Chapter 9 Further Reading: Scoring Rules and Proper Incentives

This annotated bibliography covers the foundational papers, key surveys, and practical references for scoring rules and their connection to prediction markets. Entries are organized from foundational to advanced.

Foundational Papers

1. Brier, G. W. (1950). "Verification of Forecasts Expressed in Terms of Probability." Monthly Weather Review, 78(1), 1-3.

The paper that introduced the Brier score. Remarkably short (just three pages), it proposed the quadratic scoring rule for evaluating weather forecasts. Brier's original formulation was for multi-category forecasts, though the binary version is now the most commonly referenced. Essential reading for understanding the historical origins of scoring rules. The paper is accessible and requires no advanced mathematics.

2. Good, I. J. (1952). "Rational Decisions." Journal of the Royal Statistical Society, Series B, 14(1), 107-114.

I. J. Good independently proposed the logarithmic scoring rule, connecting it to information theory and subjective probability. Good argued that the log score is the natural measure of the "information" in a probability forecast. This paper laid the groundwork for the information-theoretic interpretation of scoring rules that became central to the field. Moderately technical but conceptually clear.

3. Savage, L. J. (1971). "Elicitation of Personal Probabilities and Expectations." Journal of the American Statistical Association, 66(336), 783-801.

A landmark paper that formalized the concept of proper scoring rules and proved the fundamental characterization theorem: every proper scoring rule corresponds to a convex function.

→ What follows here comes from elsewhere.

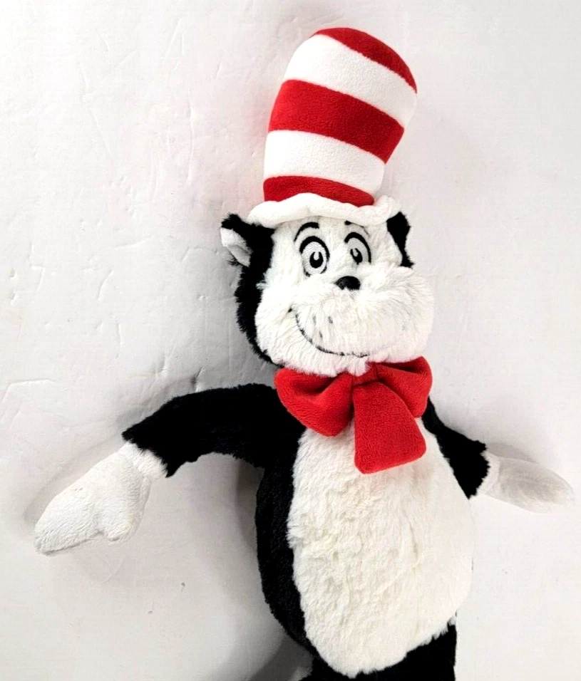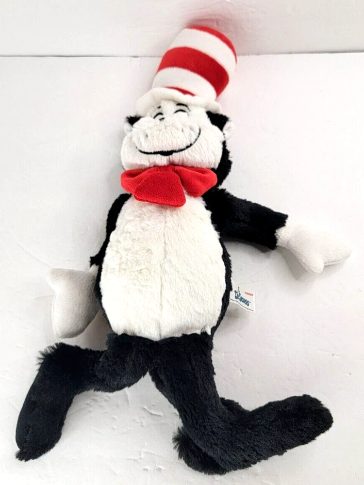 Bring home the lovable and mischievous cat from the beloved Dr. Seuss story with this Aurora soft floppy plush. Standing at 17 inches tall, this medium-sized cat is perfect for snuggling up with. The black, white, and red color scheme is instantly recognizable, and the embroidered features make him look just like the character from the classic children's book. This 2018 edition of the Cat in the Hat plush is a must-have for any Dr. Seuss fan or collector. With its high-quality construction and attention to detail, it's sure to be a cherished addition to your stuffed animal collection.

Savage showed that properness is equivalent to the forecaster maximizing expected score by reporting truthfully. This paper is the theoretical bedrock of the field. Mathematically rigorous but the key ideas are accessible with undergraduate probability.

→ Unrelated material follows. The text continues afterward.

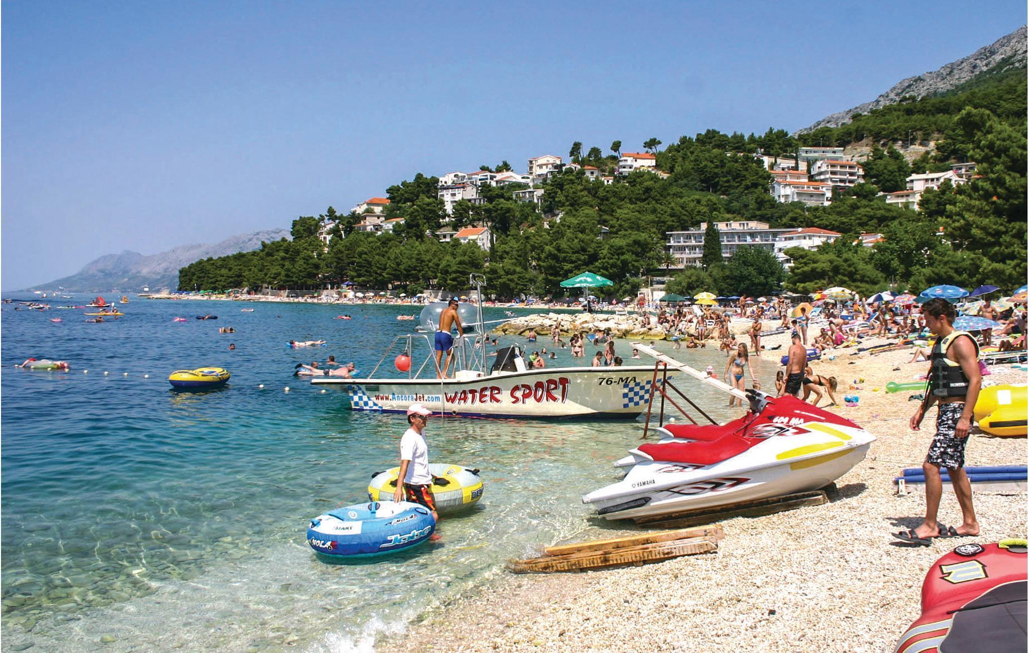 Diese Ferienwohnungen (CDE547-548) befinden sich im zweiten Stock in der kleinen Ortschaft Krvavica, zwischen Makarska und Baska Voda. Lassen Sie sich von der Riviera von Makarska begeistern. Entspannen Sie sich auf dem Balkon, mit herrlichem Blick auf die Ortschaft Baska Voda. Die Ferienunterkünfte sind nett eingerichtet und können bei Bedarf auch zusammen gebucht werden. Vor dem Haus steht Ihnen auch ein gemeinsamer Grill zur Verfügung. Den kindergerechten Strand im Ort Bratus erreichen Sie in nur wenigen Minuten zu Fuß. Kulturinteressierte werden von den historischen Stadtkernen in Split und Trogir begeistert sein.

4. De Finetti, B. (1962). "Does It Make Sense to Speak of 'Good Probability Appraisers'?" In The Scientist Speculates (I. J. Good, ed.), 357-364.

De Finetti's early discussion of how to evaluate probability forecasters, including the idea that a good scoring rule should incentivize honest reporting. This philosophical paper motivated much of the later mathematical development. Short and conceptually stimulating.

Key Surveys and Reviews

5. Gneiting, T. and Raftery, A. E. (2007). "Strictly Proper Scoring Rules, Prediction, and Estimation." Journal of the American Statistical Association, 102(477), 359-378.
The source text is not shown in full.